United States v. Ray C. Broce and Broce Construction Company, Inc.

concurring in part and dissenting in part.

This case presents a difficult problem concerning the Double Jeopardy Clause of the Fifth Amendment, which declares that no person shall be “subject for the same offense to be twice put in jeopardy of life or limb....” I agree that defendants’ guilty pleas did not forfeit their right to challenge the indictments on double jeopardy grounds. I must respectfully disagree, however, with the broad conclusion that the Double Jeopardy Clause embodies not “an individual right which is subject to waiver,”1 but an “absolute inhibition” upon government. See Majority Op. at 795. Although alluring for its clarity in an area of law which is anything but clear, in my view such a rule conflicts with the •Supreme Court’s consistent approval of knowing and voluntary waivers of constitutional rights. I also disagree with the conclusion that this case must be remanded to determine whether the Double Jeopardy Clause was in fact violated. I would hold that it has been and would vacate the second Sherman Act conspiracy conviction and sentence.

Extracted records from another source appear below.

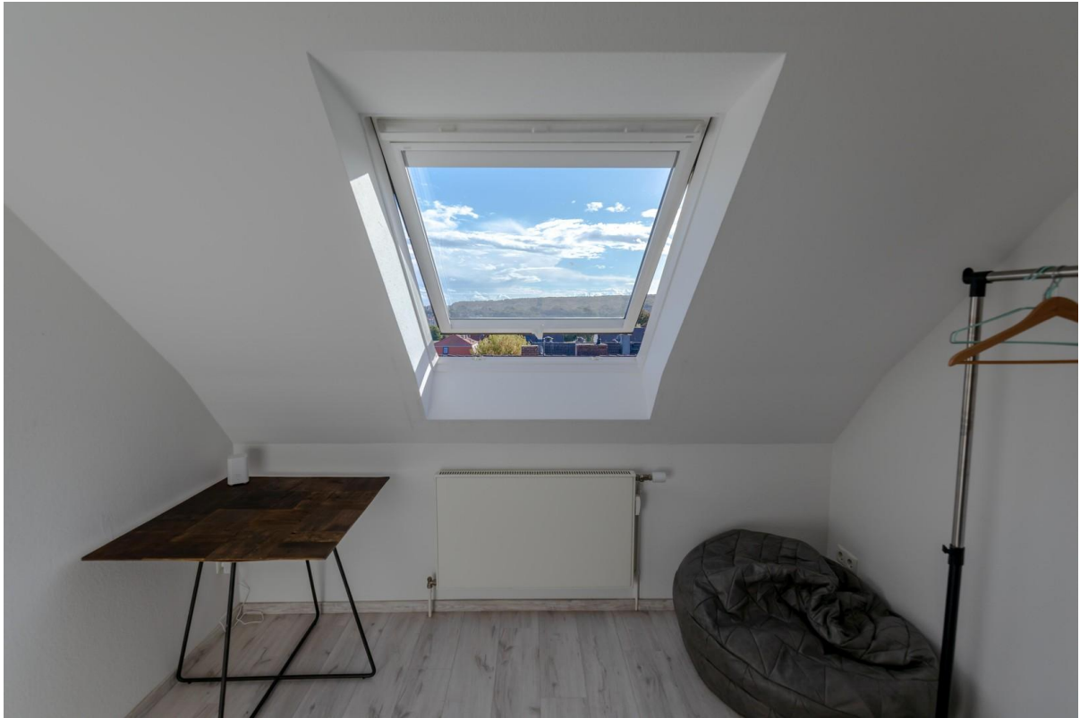
Ein besonderer Moment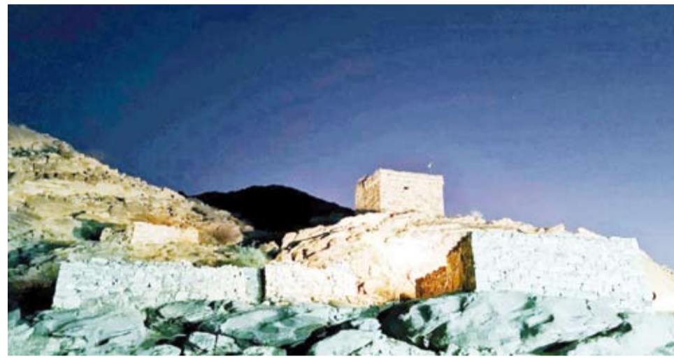
سوق جمعة بني هلال الأثري

تقف اطلال سوق جمعة بني هلال الأثري، في المملكة العربية السعودية، شاهدة على مكانة هذا السوق الواقع شرق محافظة الليث، ومعبره عن دوره الحيوي الذي يشكل رافداً اقتصادياً مهماً لأهالي المنطقة ومصدراً للرزق على مدار العام منذ 400 عام.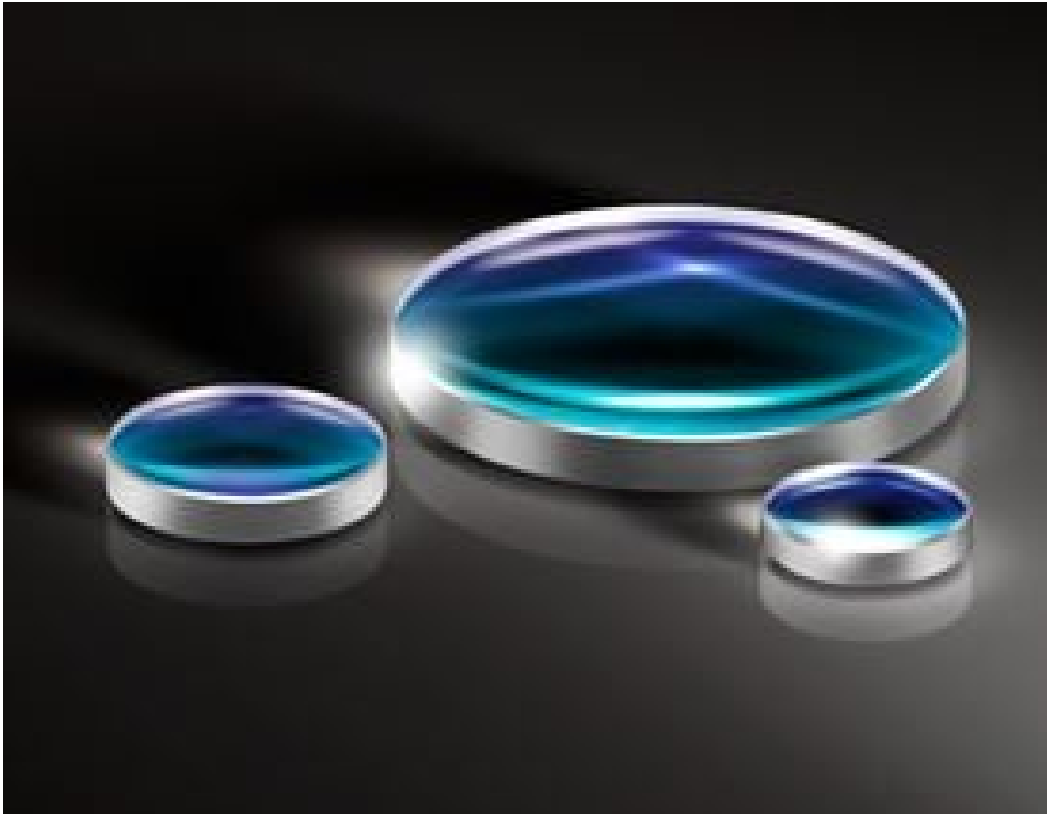
UV Fused Silica Double-Convex (DCX) Lenses

The notion of waiver embodies the aspiration that individuals should be entitled to decide for themselves whether to invoke constitutional protections. As the Supreme *800Court stated in Adams v. United States ex rel. McCann, 317 U.S. 269, 279-80, 63 S.Ct. 236, 241-42, 87 L.Ed. 268 (1942):

“[T]he procedural safeguards of the Bill of Rights are not to be treated as mechanical rigidities. What were contrived as protections for the accused should not be turned into fetters_
“... When the administration of the criminal law in the federal courts is hedged about as it is by the Constitutional safeguards for the protection of an accused, to deny him in the exercise of his free choice the right to dispense with some of these safeguards ... is to imprison [him] ... in his privileges and call it the Constitution.”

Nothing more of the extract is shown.